Probably. For basic tasks like appointment scheduling, automation makes a lot of sense, which is why both startups and large tech firms alike offer solutions that compete with Retell's. (See Parloa, PolyAI, Google Cloud's Contact Center AI, etc.)

It's low-hanging — and seemingly income-generating — fruit. Retell claims it has hundreds of customers, all of whom are paying per minute of voice agent conversations. Retell has raised a total of $4.53 million in capital to date, courtesy of backers including Y Combinator (where the company was incubated).

But the jury is out on more complex questions, especially given the tendency of LLMs to fabricate facts and go off the rails despite safeguards.

As Retell's ambitions continue to grow, I'm curious to see how the company navigates the many well-established technical challenges in the space. Wang, at least, seems confident in Retell's approach.
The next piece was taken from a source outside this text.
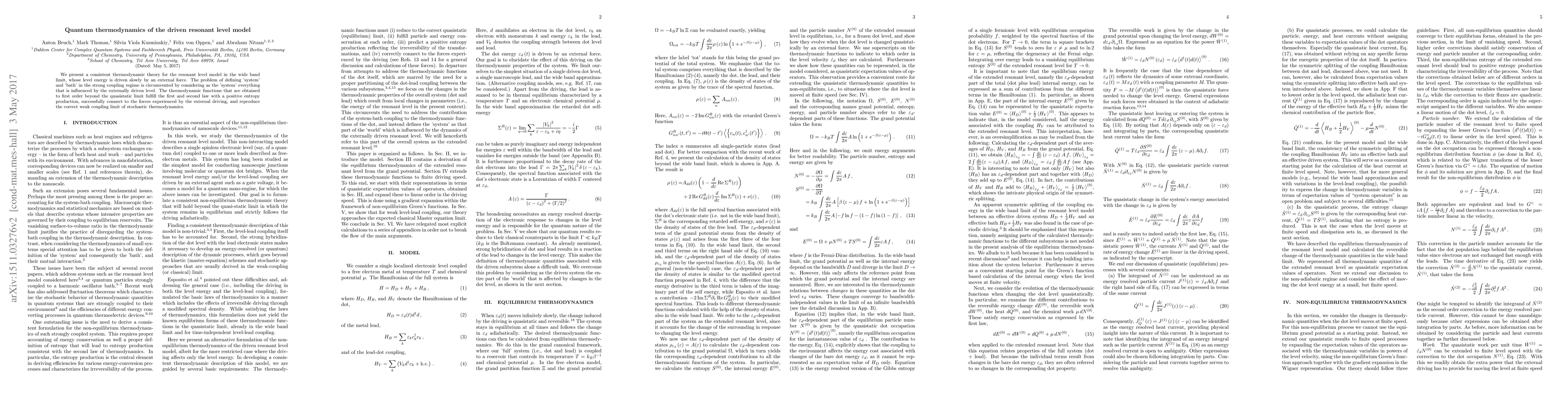 This paper develops a thermodynamic theory for the driven resonant level model in the wide band limit, defining the 'system' as everything influenced by the external force. It successfully connects thermodynamic laws to the external driving forces and reproduces the weak coupling limit of stochastic thermodynamics.

“With the advent of LLMs and recent advances in speech synthesis, conversational AI is improving enough to create really interesting use cases,” Wang said. “For example, with sub-second latency and the ability to disrupt AI, we've seen users speak in full sentences and communicate as if they were talking to another person. So AI is trying to make it easier to build, test, deploy and monitor voice agents, ultimately helping them achieve productivity readiness.”